Bifurcation analysis of dynamical systems with fractional order differential equations via the modified Riemann-Liouville derivative


  • J. M. AL-Rmali Department of Mathematics, Faculty of sciences of Al-Jouf University, Saudi Arabia.
  • R. A. Shahein Department of Mathematics, College of Science, Taibah University, Saudi Arabia.



Mittage-Leffler function, Fractional differential equations, Modified Riemann-Liouville derivative, Dynamical systems


In this manuscript, the solutions of linear dynamical systems with fractional differential equations via the
modified Riemann-Liouville derivative is derived. By using Jumarie type of derivative (JRL), we stated and proved
the Existence and uniqueness theorems of the dynamical systems with fractional order equations. Also a novel stability analysis of fractional dynamical systems by Jumarie type derivative is established and some important stability conditions are determined.
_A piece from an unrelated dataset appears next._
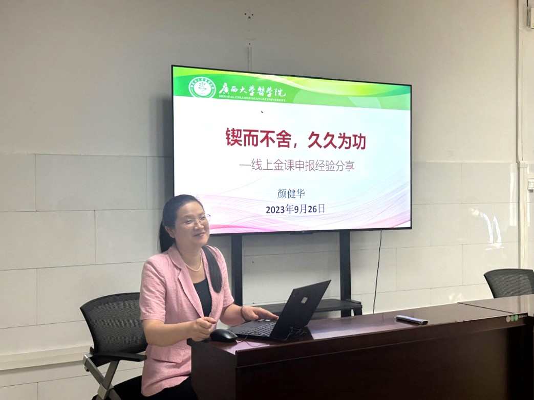 研讨会上还邀请了药学系吴黎川和颜健华副教授分享申报课程类项目的经验。吴黎川副教授通过《人体解剖生理学》课程建设为例子,详细介绍了如何发掘专业课程思政元素,如何将思政元素融入课堂教学以及如何实现与思政课同向同行;并介绍了申报课程思政项目的注意事项和过程。颜健华副教授重点介绍常用的线上课程平台,分享线上课程设计和制作的经验,以及讲解申报线上课程项目的材料填写和资料准备等注意事项。

The achieved results have various applications in mathematics, plasma physics and almost all branches of physics that have non-conservative forces. Finally, we investigated interesting application of nonlinear space-time fractional Korteweg-de Vries (STFKdV) equation in Saturn F-ring’s region. Moreover, our investigation could be basic interest to explain and interpret the effects of fractional and modification parameters on STFKdV equation. This is novel study on this model by dynamical system (DS) to describe the behavior of nonlinear waves without solve this system.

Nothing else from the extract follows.